Fioretta tertegun dan semua kata-kata dalam kepalanya seketika hilang. Namun, pandangan Fioretta yang sejak tadi menembus sepasang netra Caesarion mampu melihat sesuatu yang ingin Caesarion sembunyikan. "Kau ingin mendengar penilaianku soal dirimu?" Pengalihan topik itu membuat Caesarion kebingungan. Meski demikian, ia tampak bersemangat menyambut kejujuran sudut pandang Fioretta tentangnya.

Kepala gadis itu tertunduk sekilas sebelum tarikan sudut bibir dicerminkan bola mata Caesarion. "Menurutku, kau bukanlah pria yang jahat. Hanya saja, obsesimu, Caesarion. Itu bisa mengubahmu menjadi seseorang yang sungguh berbeda dengan malam ini. Jika suatu hari nanti kau sungguh kehilangan dirimu, ingatlah aku mengatakan terima kasih malam ini atas nasihatmu. Kuharap itu akan mengingatkanmu pada pertemuan kita di bawah hukum Romawi."

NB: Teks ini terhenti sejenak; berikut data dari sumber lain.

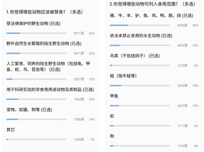 網(wǎng)友投出9011票,贊成“受法律保護(hù)的野生動物”應(yīng)該被禁食,占比23%;另有8471票,22%的網(wǎng)友支持禁食“野外自然生長繁殖的陸生野生動物”。對于“用于科研實(shí)驗(yàn)的非食用用途動物及其制品”選項(xiàng),有20%的網(wǎng)友(7560票)支持禁食。禁食的投票選項(xiàng)中,還有19%的網(wǎng)友贊成禁食貓狗等寵物(7386票),10%的網(wǎng)友贊成禁食包括龜、甲魚、蛇、鳥、昆蟲等人工繁育、飼養(yǎng)的陸生野生動物,票數(shù)為3921票。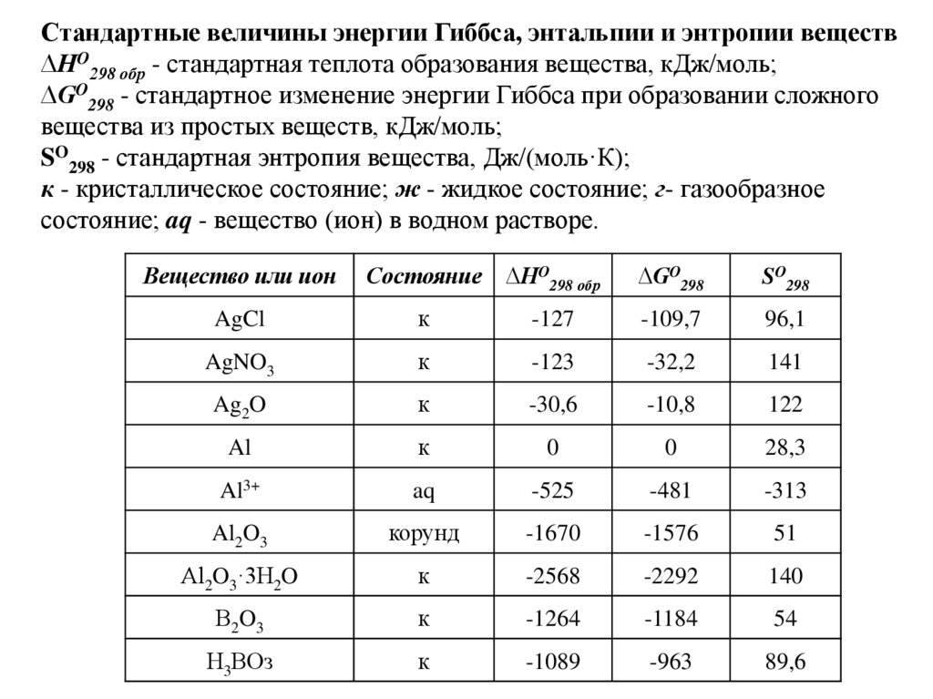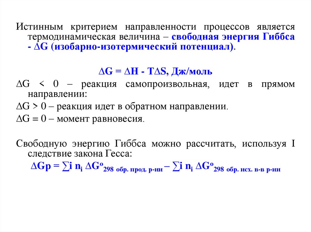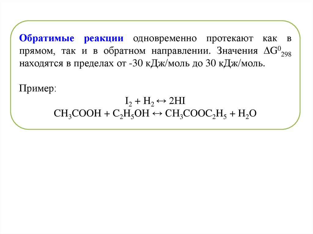 Обратимые реакции одновременно протекают как впрямом, так и в обратном направлении. Значения G0298

Tarikan sudut bibir yang sama Caesarion tunjukkan kepada gadis itu. Hingga ia secara mengejutkan bangkit dari duduknya, ia berkata, "Mari bengkokkan hukum Romawi, Fioretta. Aku tahu kau tak ingin dipermalukan hukuman hanya karena kesalahpahaman antara dirimu dan pemuda tadi. Dan obsesi, ini bukan obsesi melainkan pembebasan diri. Untuk ibuku dan rakyatku."

Saat itu, sepasang alis Fioretta mengerutkan tanda tanya hingga tangan kanan Caesarion yang tersembunyi di balik punggunggnya menampakkan sebuah botol kecil seukuran botol penawar yang telah Caesarion habiskan. Bibir gadis itu melebar manakala sang Firaun mendorong diri mendekat dan menarik lengan Fioretta untuk meletakkan botol itu di telapaknya.

Ia pun seketika mengedipkan kelopak guna mengembalikan kesadarannya. "Bagaimana bisa kau masih memilikinya?!"

Begitu Caesarion kembali menegakkan kakinya sehingga kepala harus ditundukkan untuk menatap wajah Fioretta yang menengadah mempertanyakan kebenaran. "Kau berkata aku menggertak Octavianus melalui racunku. Kau pikir, aku tak menduga pria itu akan menjadikanku interniran kemudian mendapatkan penawar secara cuma-cuma? Memang dia akan segera mendapatkan penawar itu dariku, tapi dia akan membayarnya dengan sesuatu yang setara nyawa."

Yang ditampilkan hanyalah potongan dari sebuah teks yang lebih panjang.